Experimental Example 3. Fat Content in Mouse Adipose Tissue

[0093] To examine the effect of the extract of the Example on adipose tissues, peri-abdominal and peri-renal total fats were weighed. The anti-obesity effect on the adipose tissues was analyzed by measuring abdominal subcutaneous fat and the measurements are summarized in Table 4 and depicted in FIG. 2a. In addition, peri-renal total fat was weighed. The data are also summarized in Table 4 and depicted in FIG. 2b.

TABLE-US-00004 TABLE 4 Inducing Peri-abdominal fat Peri-renal fat Group condition (g/100 g BW) (g/100 g BW) Normal Normal diet 1.89 ± 0.08 *** 0.68 ± 0.05 *** (AIN-93G) Control High fat diet 6.13 ± 0.10 2.73 ± 0.06 Example 100 5.04 ± 0.10 * 2.27 ± 0.02 * Example 200 5.06 ± 0.11 * 2.29 ± 0.03 * Example 400 5.83 ± 0.11 2.37 ± 0.03 Comparative control with statistical significance *: p<0.05

[0094] The peri-abdominal fat in each group was measured to be 6.13±0.10 (g/100 g BW) in the HFD-fed group which was about 2.13- to 5.67-fold higher than 1.89±0.08 (g/100 g BW) measured for the normal group.

[0095] When the extract of the Example was fed, the peri-abdominal fat was measured to be 5.04±0.10 (g/100 g BW) at a dose of 100 mg/kg, 5.06±0.11 (g/100 g BW) at a dose of 200 mg/kg, and 5.83±0.11 (g/100 g BW) at a dose of 400 mg/kg.

[0096] From the data, it was understood that the groups fed with the extract of the Example at a dose of 100 mg/kg and 200 mg/kg decreased in peri-abdominal fat level, with significance.

[0097] In addition, the peri-renal fat in each group was measured to be 2.73±0.06 (g/100 g BW) in the HFD-fed group which was higher than 0.68±0.05 (g/100 g BW) measured for the normal group.
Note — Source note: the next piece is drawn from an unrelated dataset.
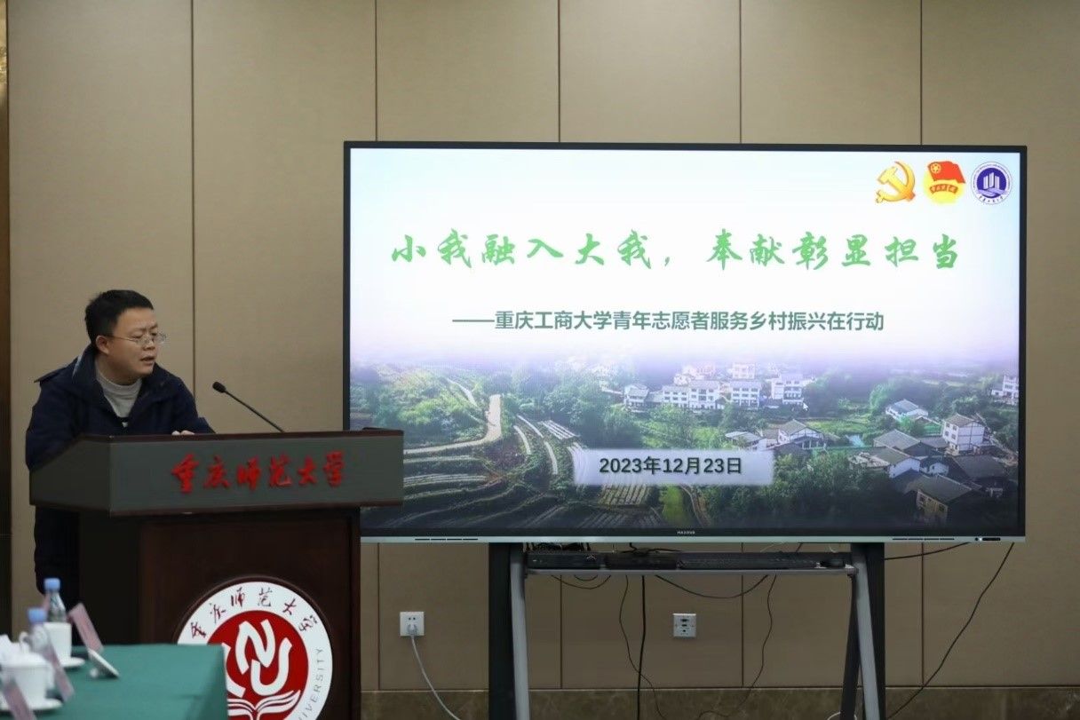 23日,“嘉年华”之乡村振兴中的青年志愿服务力量平行交流会在重庆师范大学举行。校团委书记吴佑波以《小我融入大我,奉献彰显担当——九州登录地址_九州(中国)青年志愿者服务乡村振兴在行动》为题做了交流发言。

[0098] When the extract of the Example was fed, the peri-abdominal fat was measured to be 2.27±0.02 (g/100 g BW) at a dose of 100 mg/kg, 2.29±0.03 (g/100 g BW) at a dose of 200 mg/kg, and 2.37±0.03 (g/100 g BW) at a dose of 400 mg/kg.
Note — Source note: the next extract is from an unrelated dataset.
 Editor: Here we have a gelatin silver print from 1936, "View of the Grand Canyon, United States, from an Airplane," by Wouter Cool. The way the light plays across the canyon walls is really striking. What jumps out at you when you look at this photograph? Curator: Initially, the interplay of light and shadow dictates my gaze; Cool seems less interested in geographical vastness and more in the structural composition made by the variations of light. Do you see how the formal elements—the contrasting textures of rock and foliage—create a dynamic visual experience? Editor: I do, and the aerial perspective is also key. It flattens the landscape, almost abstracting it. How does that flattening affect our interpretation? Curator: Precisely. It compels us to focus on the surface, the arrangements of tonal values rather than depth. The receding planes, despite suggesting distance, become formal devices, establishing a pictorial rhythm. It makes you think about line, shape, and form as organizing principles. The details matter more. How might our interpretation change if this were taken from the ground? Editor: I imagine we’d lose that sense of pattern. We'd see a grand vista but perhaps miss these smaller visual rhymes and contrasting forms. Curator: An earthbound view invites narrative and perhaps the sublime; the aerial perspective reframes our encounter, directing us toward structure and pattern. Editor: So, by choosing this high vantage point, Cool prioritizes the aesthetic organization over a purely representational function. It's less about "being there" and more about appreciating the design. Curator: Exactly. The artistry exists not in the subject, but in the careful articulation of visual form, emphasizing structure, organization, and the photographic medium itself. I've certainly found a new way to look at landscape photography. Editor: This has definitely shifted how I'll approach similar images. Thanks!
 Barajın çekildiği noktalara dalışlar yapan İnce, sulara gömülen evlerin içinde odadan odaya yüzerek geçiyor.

[0099] From the data, it was understood that the groups fed with the extract of the Example at a dose of 100 mg/kg and 200 mg/kg decreased in peri-renal fat level, with significance.

Experimental Example 4. Assay for Expression of Triglyceride Synthesis-Related Protein

[0100] The extract of the Example was assayed for effect on the expression of triglyceride synthesis-related proteins in animal models of HFD-induced obesity. Adipose tissues were taken and subjected to Western blotting to measure expression levels of the obesity-related genes PPARr and GLUT4. As an internal control, the housekeeping gene actin, which is expressed in most types of cells, was also measured for expression level to normalize the protein expression. Expression results of the triglyceride synthesis-related proteins are depicted in FIG. 3.
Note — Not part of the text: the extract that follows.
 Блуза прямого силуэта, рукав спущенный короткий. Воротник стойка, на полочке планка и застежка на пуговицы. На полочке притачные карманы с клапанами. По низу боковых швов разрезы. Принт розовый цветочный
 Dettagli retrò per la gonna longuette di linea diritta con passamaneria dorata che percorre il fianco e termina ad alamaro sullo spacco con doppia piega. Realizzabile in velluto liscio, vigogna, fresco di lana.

[0101] As can be seen in FIG. 3, the expression levels of the triglyceride synthesis-related proteins were greatly increased in the HFD-fed control, compared to the normal group. However, the administration of the extract of the Example reduced the expression levels of the triglyceride synthesis-related proteins.

[0102] Inter alia, the groups fed with 100 mg/kg and 200 mg/kg of the extract of the Example exhibited similar expression levels to that in the normal group, with significance on the anti-obesity effect.

[0103] The data demonstrate that the extract of the Example is effective for alleviating metabolic diseases.

INDUSTRIAL APPLICABILITY

[0104] The present disclosure relates to a composition for prevention, alleviation, or treatment of obesity.